The answer should hold only the lines from the one containing "Trait correlations showed" through the one containing "校方於今年啟動「藝術推廣─藝" in the entries below, copied exactly, without pictures.
RAW DATA Start Marker
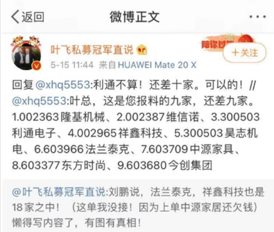 昔日私募冠军叶飞惨遭黑吃黑,一气之下爆料中源公司与盘方“坐庄赖账”。后续事件持续发酵,继爆料中源家居涉嫌操纵股价之后,5月14日中午时分,充满争议的私募大佬叶飞发布微博称,“计划爆料18家上市公司”,其相继点名了ST华钰(601020.SH)、东方时尚(603377.SH)、维信诺(002387.SZ)、昊志机电(300503.SZ)、隆基机械(002363.SZ)等A股上市公司。
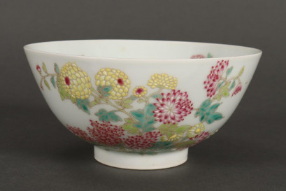 of conventional form, the interior decorated minimally with assorted branches and fruits, the exterior with bright Chrysanthemums sprays, in predominant pink, yellow and green enamel tones on a white ground with gilt line accenting, height 7cm x diameter 14.5cm -
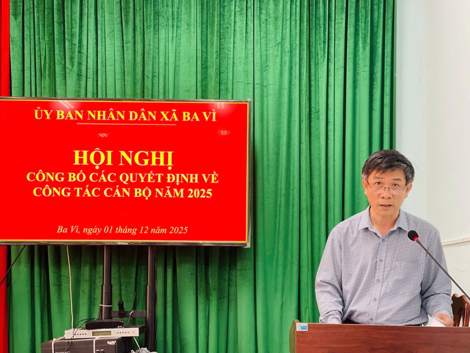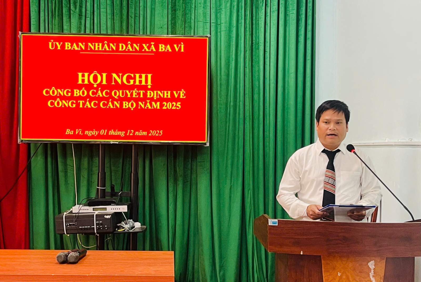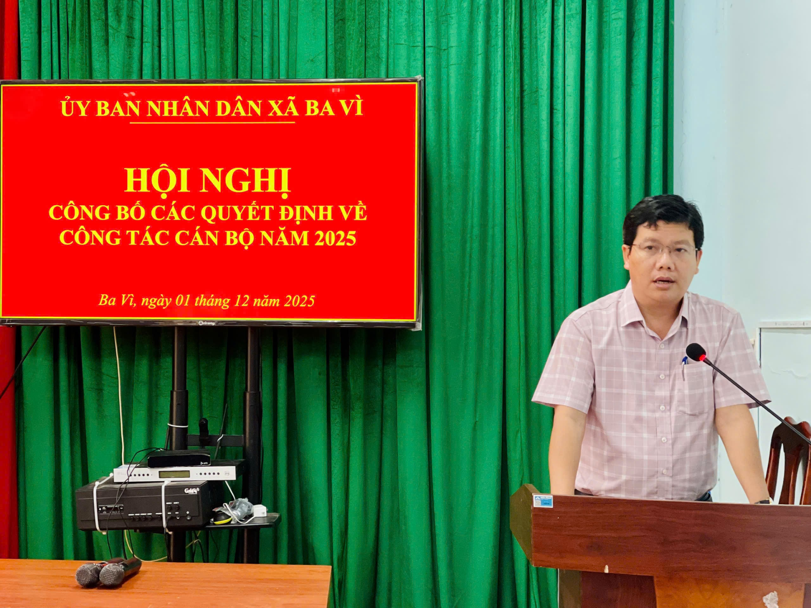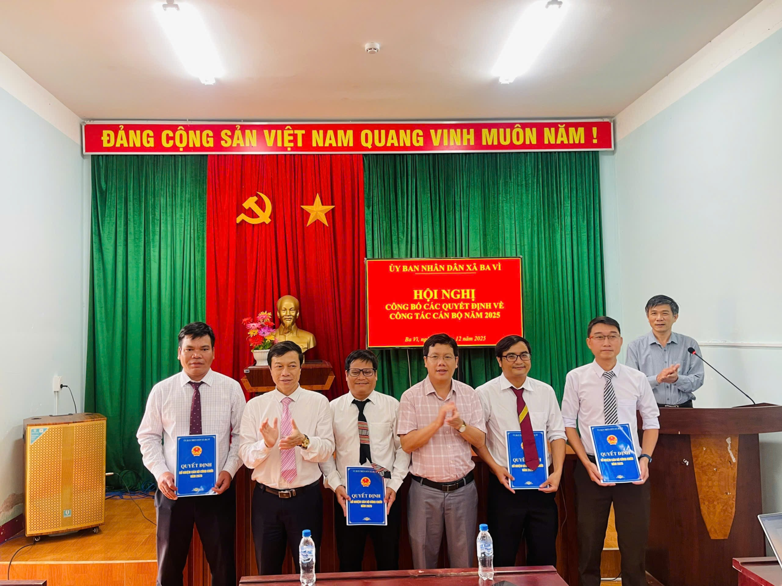 Tại Hội nghị, UBND xã đã thông qua Kết luận số 36-KL/ĐU ngày 01/12/2025 của Ban Thường vụ Đảng ủy xã Ba Vì về việc thống nhất nhân sự bổ nhiệm các chức vụ lãnh đạo, quản lý tại các đơn vị trực thuộc. Thống nhất nhân sự bổ nhiệm Theo Kết luận, Ban Thường vụ Đảng ủy thống nhất bổ nhiệm: Đồng chí Phạm Văn Phú, công chức Văn phòng HĐND & UBND xã, giữ chức vụ Phó Trưởng phòng Văn hóa – Xã hội xã Ba Vì; Đồng chí Lê Ngọc Toàn, viên chức Trung tâm Cung ứng dịch vụ công xã, giữ chức vụ Phó Giám đốc Trung tâm Cung ứng dịch vụ công xã Ba Vì; Đồng chí Đặng Công Tỉnh, công chức Văn phòng HĐND & UBND xã, giữ chức vụ Chánh Văn phòng HĐND và UBND xã Ba Vì; Đồng chí Phạm Văn Nhành, viên chức Trung tâm Phục vụ Hành chính công xã, giữ chức vụ Phó Giám đốc Trung tâm Phục vụ Hành chính công xã Ba Vì.
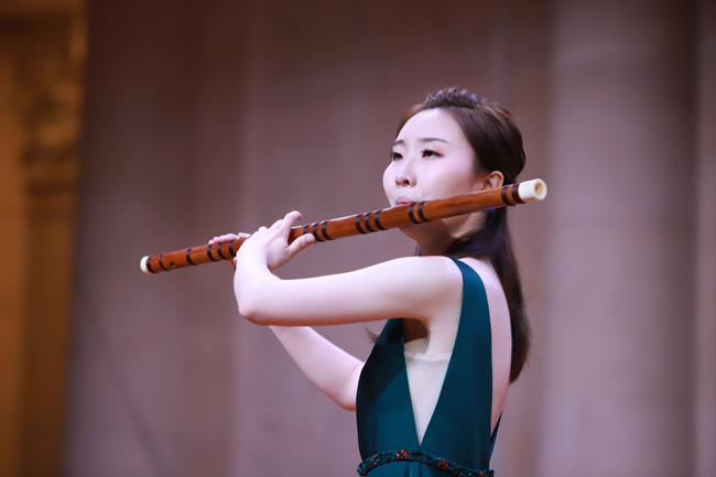 当晚,唐俊乔教授的学生阴梦菲在我校学术厅举办竹笛独奏音乐会。音乐会上,阴梦菲演奏了《塞上风情》《吕韵·伍》《千山情》《热情与冷漠邂逅》《云南回忆》《愁空山》等数首从传统到现代作品的巡礼之作,清晰地展现了唐俊乔教授的教学理念,同时阴梦菲精湛的演奏技艺和大气的音乐表现令音乐厅响起阵阵喝彩与热烈掌声,音乐会吸引了来自学校及社会各界的专家、师生和笛箫爱好者们前来观看,现场座无虚席。
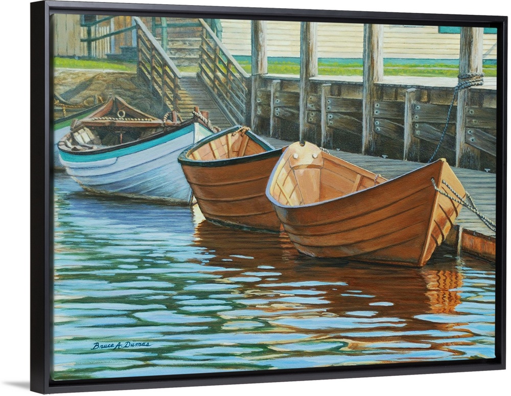 <p>Contemporary artwork of rowboats at a dock.</p>
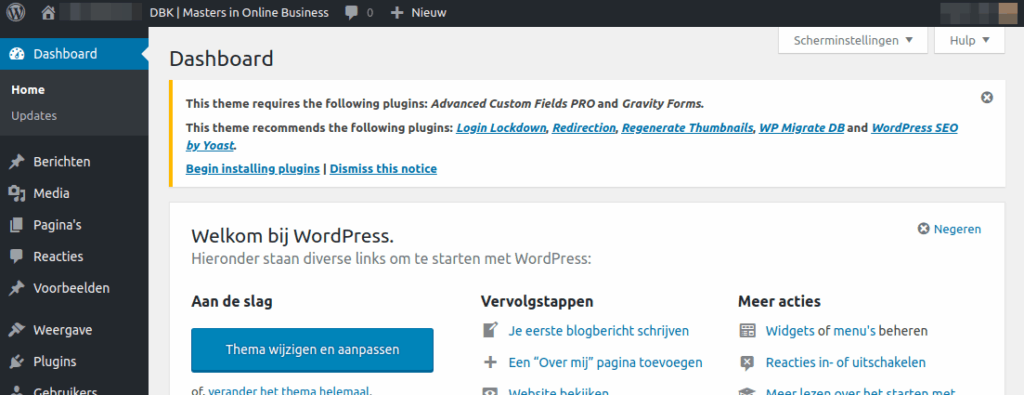 Ons thema geeft zelf aan welke standaard plugins geïnstalleerd moeten worden. Er wordt de vraag gesteld om deze plugins te installeren, en met een druk op de knop is dat ook gebeurd. Bij deze standaard plugins valt te denken aan: Login Lockdown, WordPress SEO, Regenerate Thumbnails, Gravity Forms en Advanced Custom Fields PRO. Soms zijn er voor een specifiek project nog extra plugins nodig. Deze voegen we handmatig toe.
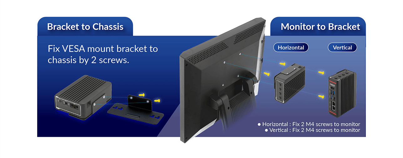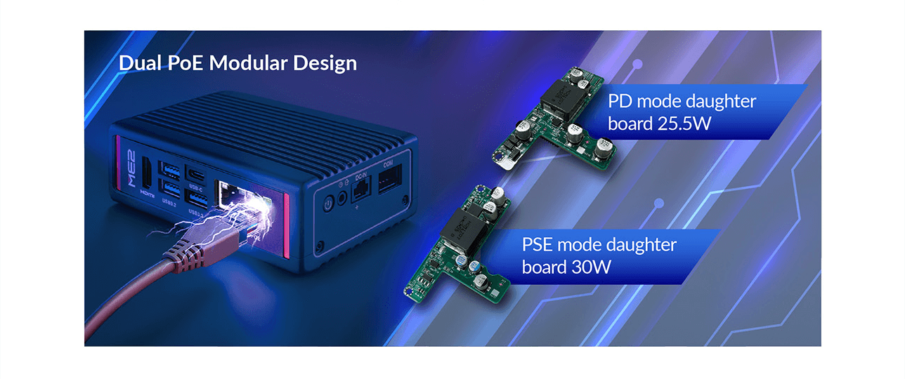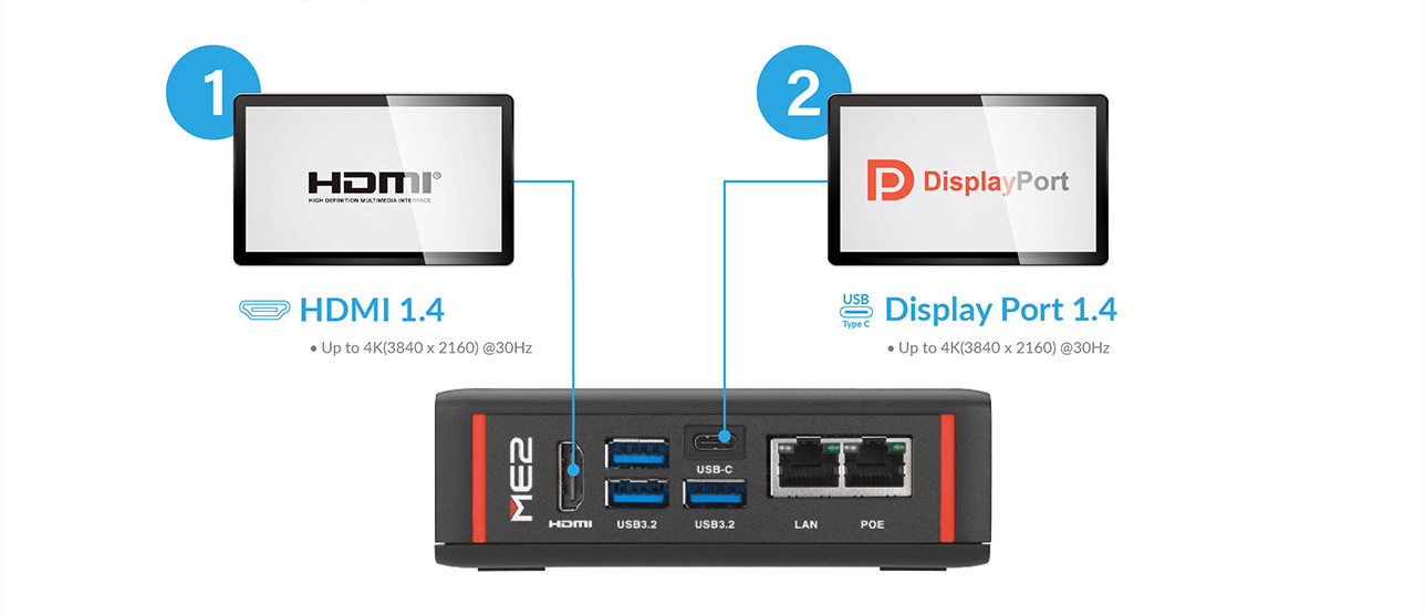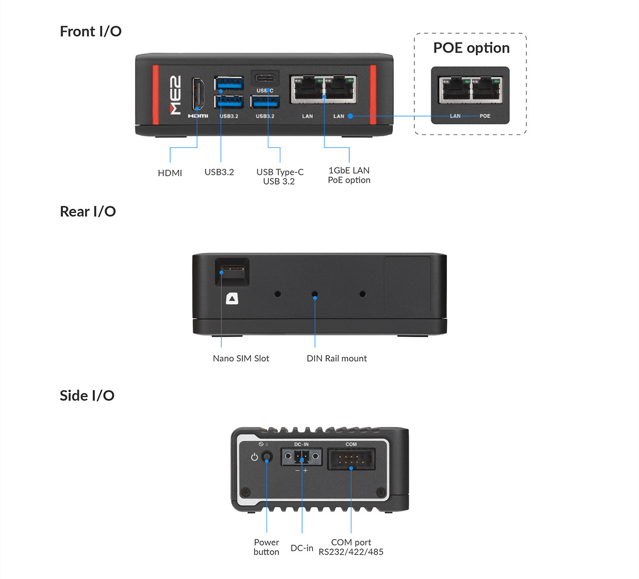| FRONT I/O | 3 x USB 3.2 Gen2 / 1 x USB 3.2 type C (Support display(5V/3A) and audio) / 2x RJ45 (1x POE option for PD mode or PSE mode) / 1 x HDMI 1.4 (Vertical) | ||
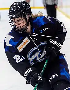 She stayed with the Whitecaps as the team joined the NWHL, scoring 10 points in 15 games in 2018–19.[4] She would score in the championship games as the Whitecaps won the Isobel Cup for the first time.[5]
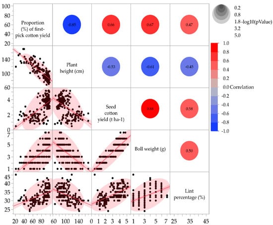 Trait correlations showed plant height negatively associated with other traits, whereas seed-cotton yield correlated strongly with boll weight and moderately with first-pick proportion and lint percentage [,,,,]. Excessive vegetative growth may divert resources from reproductive organs, affecting yield, although this effect can vary depending on genotype and environmental context [,], emphasizing the importance of managing vegetative vigor. Conversely, boll weight, lint percentage, and first-pick proportion consistently aligned with seed-cotton yield, supporting their use in selection and management.
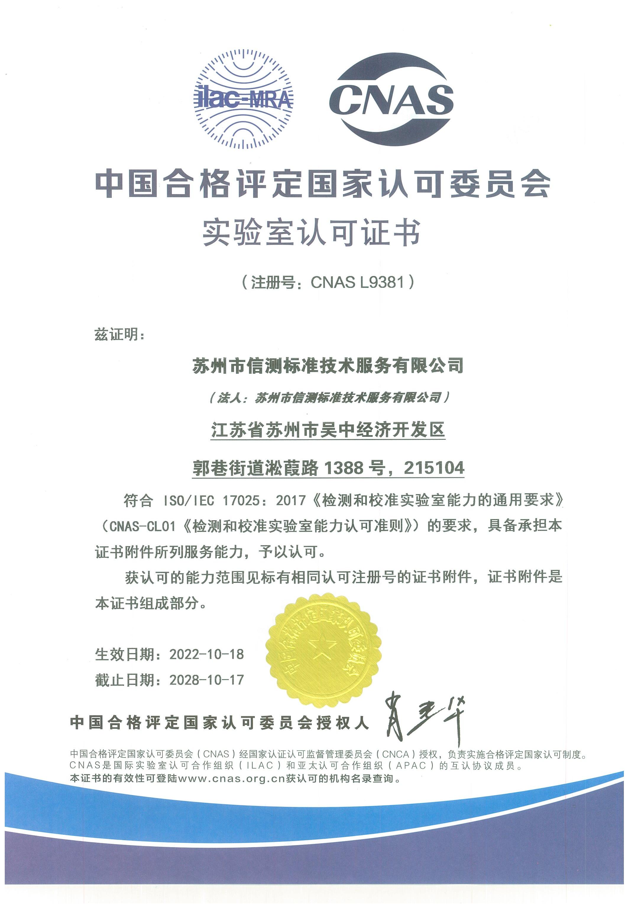Qualifications of Suzhou Lab
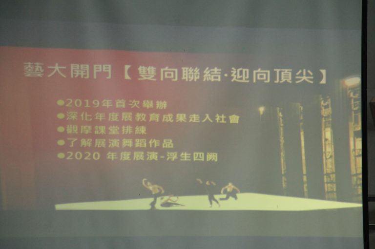 校方於今年啟動「藝術推廣─藝大開門」計畫,與舞蹈學院中長程目標一致。如何鞏固與深化年度展演教育成果走入社會,並持續領航國際舞蹈教學,需要在深耕細作與開創佈局上擘畫。因此,本院特規劃2019年執行【雙向聯結‧迎向頂尖】專案。
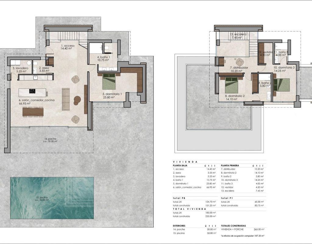 Op maat gebouwde nieuwe villa€s in Pinoso (Alicante): ruime woningen in een natuurlijke omgeving Nieuwbouwwilla's op maat van uw levensstijl in Pinoso Ontdek een unieke kans om uw droomhuis te bouwen in de rustige omgeving van Pinoso, gelegen in het binnenland van Alicante aan de Costa Blanca. Deze moderne vrijstaande villa's zijn ontworpen volgens een zelfbouwconcept, waardoor kopers kunnen kiezen uit verschillende modellen, indelingen en percelen om een volledig gepersonaliseerde woning te creëren. Pinoso is een charmant Spaans stadje dat bekend staat om zijn wijngaarden, traditionele cultuur en ontspannen levensstijl. De omgeving biedt een perfecte balans tussen natuur en dagelijks gemak, met lokale winkels, restaurants en voorzieningen in de buurt. Het is een ideale bestemming voor wie op zoek is naar rust, maar toch verbonden wil blijven met grotere steden en de kust. Flexibele villontwerpen met moderne architectuur Kopers kunnen kiezen uit verschillende villamodellen met 2 of 3 slaapkamers en 2 of 3 badkamers, met opties voor indelingen met één of twee verdiepingen. De bebouwde oppervlakte varieert van ongeveer 100 m² tot 260 m², afgestemd op verschillende levensstijlbehoeften. Elke villa staat op een ruim perceel, met name op landelijke locaties waar percelen beginnen vanaf 10.000 m², wat zorgt voor privacy en een weids uitzicht op het omliggende landschap. Hoogwaardige voorzieningen en energiezuinig wonen Alle villa's zijn gebouwd met hoogwaardige materialen en beschikken over een privézwembad van 8 bij 4 meter, een volledig uitgeruste keuken met apparatuur en een compleet airconditioningsysteem met Airzone-technologie. De woningen zijn tevens voorzien van aerothermische systemen voor warm water, volledig ingerichte badkamers met spiegels en doucheschermen, en een A-energielabel voor maximale efficiëntie. Voor rustieke percelen zijn de woningen voorzien van 24 fotovoltaïsche zonnepanelen, waterzuiveringssystemen waar nodig en duurzame afvalwateroplossingen. Stedelijke percelen profiteren van aansluiting op de waterleiding en riolering. De buitenruimtes zijn zorgvuldig afgewerkt met betegelde terrassen, zwembadzones en een wandelpad rondom, terwijl de percelen zijn voorzien van 3.000 m² omheining, toegang voor gemotoriseerde voertuigen en een aangelegde omgeving. Perceelskeuze op maat en zelfbouwproces Er zijn verschillende percelen beschikbaar op diverse locaties rond Pinoso, elk met een eigen prijs (voor deze advertentie is uitgegaan van een perceel met een prijs van 55.000 euro; indien een ander perceel wordt gekozen, wordt de uiteindelijke prijs dienovereenkomstig herberekend). De bouw vindt plaats volgens een zelfbouwsysteem, waarbij betalingen in fasen worden gedaan naarmate het project vordert. De geschatte opleveringstermijn is ongeveer 10 maanden vanaf de afgifte van de bouwvergunning. Uitstekende locatie met goede verbindingen Pinoso biedt een strategische locatie in het binnenland met gemakkelijke toegang tot belangrijke bestemmingen. De luchthaven van Alicante ligt op ongeveer 60 km afstand, terwijl de stranden van de Costa Blanca op ongeveer 65 km bereikbaar zijn. Golfbanen bevinden zich binnen een straal van 40 tot 50 km, en de steden Elche en Alicante liggen beide op comfortabele rijafstand. Ideale investering of permanente woning Deze op maat gebouwde villa's bieden een uitstekende kans om een huis op maat te creëren in een rustige en natuurlijke omgeving, met modern comfort en een sterk investeringspotentieel. Neem vandaag nog contact met ons op voor meer informatie en begin met het ontwerpen van uw nieuwe villa in Pinoso.
RAW DATA End Marker
— EXERCISE SOLUTION —
 Trait correlations showed plant height negatively associated with other traits, whereas seed-cotton yield correlated strongly with boll weight and moderately with first-pick proportion and lint percentage [,,,,]. Excessive vegetative growth may divert resources from reproductive organs, affecting yield, although this effect can vary depending on genotype and environmental context [,], emphasizing the importance of managing vegetative vigor. Conversely, boll weight, lint percentage, and first-pick proportion consistently aligned with seed-cotton yield, supporting their use in selection and management.
Qualifications of Suzhou Lab
 校方於今年啟動「藝術推廣─藝大開門」計畫,與舞蹈學院中長程目標一致。如何鞏固與深化年度展演教育成果走入社會,並持續領航國際舞蹈教學,需要在深耕細作與開創佈局上擘畫。因此,本院特規劃2019年執行【雙向聯結‧迎向頂尖】專案。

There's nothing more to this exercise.